On the other hand, the latch is a level sensitive device which continuously samples its input and correspondingly changes its output on active pulse level (positive or negative) of some enable signal. A flip-flop has master slave configuration having two latches in cascade working on opposite active level. A flip flop area is almost twice the latch area

In order to design synchronous designs, we need to ensure that output of flops/latches is not metastable. This can be ensured by meeting setup and hold checks in design

In a flop 1-1 is hold check while 1-3 is setup check (Fig1) for single cycle operation. We need to make sure that data launched by flop1 is captured by flop2 before the next active edge. At the same time we need to make sure that data launched by flop1 is not captured by flop2 on the same active edge.

In the case of second flop being negative edge triggered, setup check will be 1-2 (Fig2) while hold check will be on the previous negative edge (Fig2). This means that data launched by flop1 should not be captured by the previous falling edge of flop2. This in real time is not possible unless we have clock skew more than the half cycle.

Thus in a positive-positive or negative-negative flop pair, setup check is by default one cycle and hold check is zero cycle While in positive-negative or negative-positive flop pairs, setup check is by default half cycle and hold check is half cycle backwards.

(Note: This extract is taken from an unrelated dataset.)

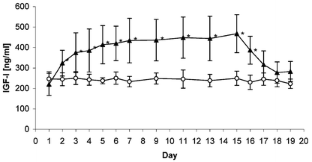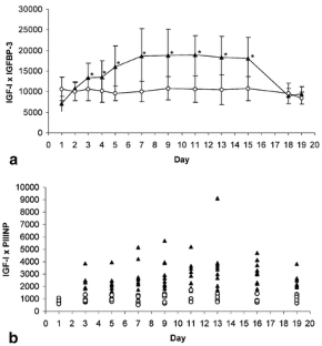 The concentrations of the following markers were determined in relevant serum samples: IGF-I, IGFBP-3, ALS, PIIINP, PINP, osteocalcin, and leptin. The IGF-I concentration increased rapidly within the hGH treatment group and showed significantly higher levels compared to baseline even 3 days after application. The response of the IGFBP-3 to the hGH applications was lower in comparison to IGF-I. The hGH group showed an increasing IGFBP-3 compared to baseline from day 4 till day 15. The response of PIIINP to hGH is clearly delayed compared to the IGF-I axis, but the PIIINP concentration remains on an increased level for a longer period (from day 4 until day 21). The time course and the extent of response varied strongly interindividually. PINP and osteocalcin showed only a small response to hGH applications. These parameters are characterised by a strong scattering of base values compared with the small response. In the hGH treatment group very different leptin concentrations were found at the beginning of the study, but after treatment decreasing leptin levels were observed in all cases.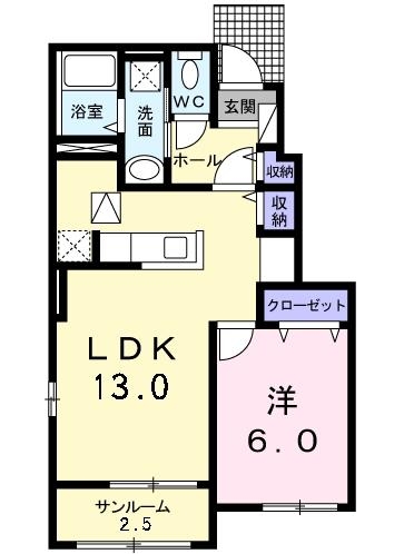 | 間取り | 1LDK(LDK13.8 洋6) |

Let’s hold the concept of timing checks in latch for time being.

Scan Chains

Scan chains are used in SOCs to do testing. All registers of design are connected in serial order and stimulus is provided from outside chip and then output is observed through shifting out these chains to detect any stuck-at/transition failure.

Modern day SOCs are quite complex and have multiple clock domains in a single chip. While scan stitching a design after logical synthesis, care is generally taken to stitch flops having same clock structure in same scan chain. But due to limited availability of scan input/output ports available at top level, mixing of registers across different clock domains is inevitable.

Figure 2
Figure 2

Having scan chains of unbalanced length is also not a good idea because of the increase in overall test time, so this scan structure leads to timing closure problems in later stages of design.

Since scan shifting is done at slower frequency and there is minimal logic if any between flop pairs, setup closure is not a problem.

However these paths are very hold critical because of minimal logic and due to skew present between a pair of flops.

As discussed above, since flops from different domains are mixed in a scan chain, there are many cases where there is huge skew between launch and capture flops.

Many of the marginal hold violations can pop up during later stages of design due to noise effects and this can lead to hold buffering in otherwise stable or closed design which can cause design goes haywire.

Much worse could be the fact that our derate margins may not be sufficient and we can see hold failures on silicon only.

This could be the case if an uncommon clock path is huge and actual variation on silicon is higher than the estimated variation.

As we go further in sub 90 CMOS technologies, variation effects are getting more and more dominant and can result in a lot of hold violations on silicon. Any hold failure in scan shift path has severe consequences.

It requires lot of debugging and time to detect failing chain on silicon. The situation worsens when we have compression logic for scan as well. Even after detecting failing chain, we need to block it, leading to reduced test coverage. In short hold failure in scan chain is very risky and the design must be robust enough to take care of these uncertainties.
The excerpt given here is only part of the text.